Railway station in Victoria, Australia

Emerald railway station is situated on the Puffing Billy Railway in Victoria, Australia. It was opened with the Railway on 18 December 1900 and comprised a platform track and a loop siding.

When the line was reopened from Menzies Creek by the Puffing Billy Preservation Society the intent had been to have Lakeside, not Emerald, as the terminus and so water tanks had been provided at the former. However, trains only ran as far as Emerald between 1965 and 1975, and engines needed to refill their water tanks before returning to Belgrave. The short-term solution was to make use of wagon 149NQ, which had been fitted with a 2000 impgal water tank and could be refilled by the Emerald Rural Fire Brigade as required. Later, a well was bored out and connected to a 5000 impgal water tank, which refilled at a rate of about 100 impgal per hour.

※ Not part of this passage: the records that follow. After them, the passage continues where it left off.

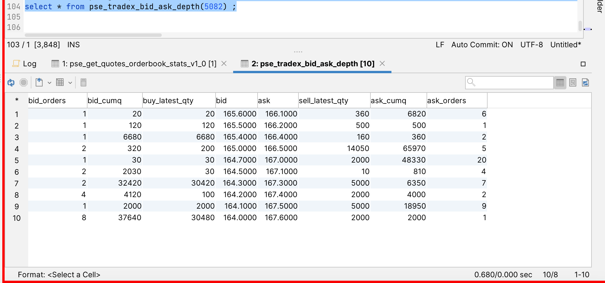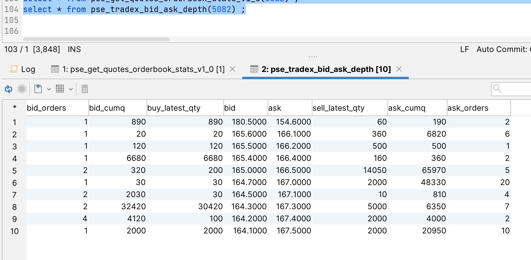 SELECT x.BID_orders, x.BID_CumQ, z.buy_latest_qty, x.BID ,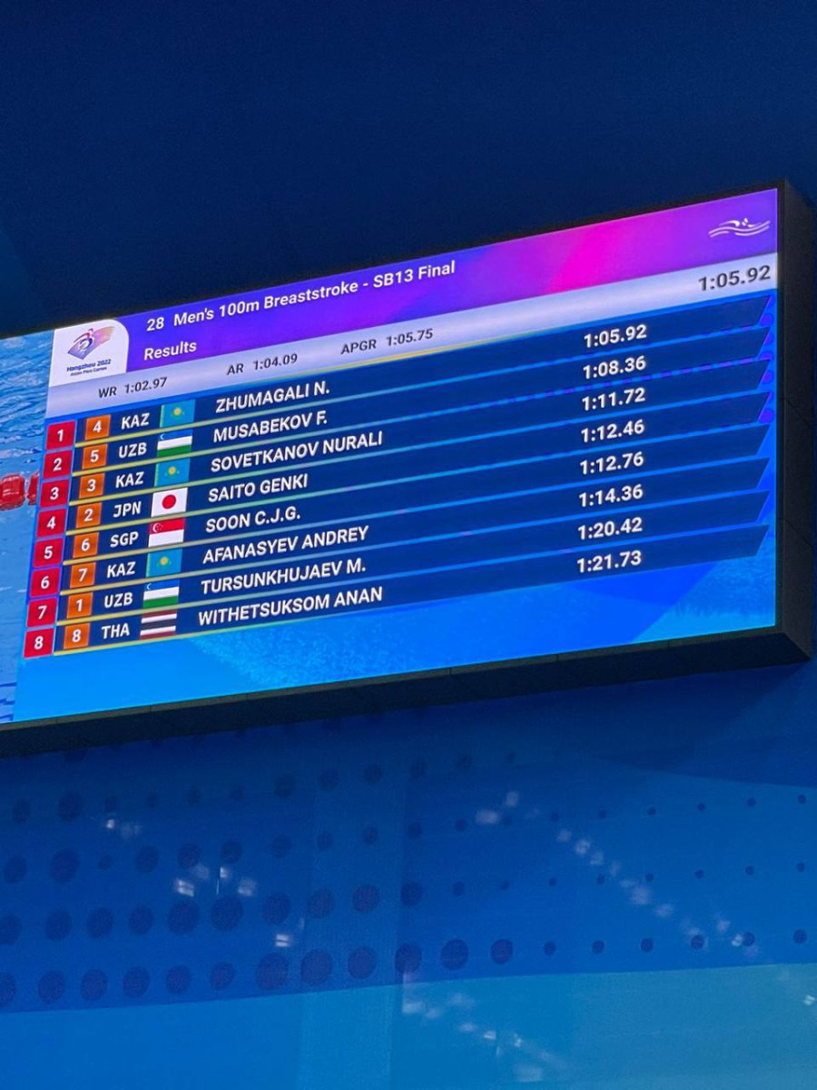 Жумагали проплыл дистанцию 100 метров брассом за 1:05:92. Он принёс пятое "золото" в копилку сборной на Азиаде.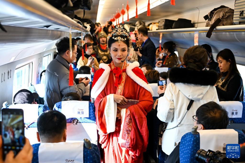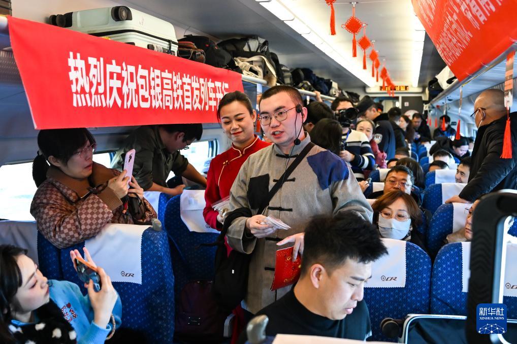 首发动车组车厢内洋溢着喜庆气氛,行李架上悬挂着沿线景观挂饰,车窗上贴着蒙宁地区的标志性建筑窗花。“高铁绘蓝图·塞北谱新篇”主题联欢活动同步开展,马头琴声与欢声笑语回荡在车厢。

In 1967 a new carriage workshop was opened behind the former goods yard.

In preservation the station building has been judged "the most intact on the line, with at least part of the original building surviving in its original location". The current station building incorporates the original timber structure with gabled corrugated iron roof, with modifications and extensions made over time. A corrugated iron shed at the north end of the yard has been demolished, but the two structures at the south end have been present for a very long time, if not quite being original. The northern part of the station grounds are covered by a heritage overlay. The goods shed is possibly a Victorian Railways' original but not necessarily the original Emerald shed, and the recreated stockyard and loading platform at the Kilvington Road end are on the correct site but use elements recovered from the Wonthaggi saleyards. There may also have been a residence just south of the station.

In the 1990s a 50 ft turntable was provided in the north-west quadrant of the yard, fitted with both and rails in a gauntlet formation.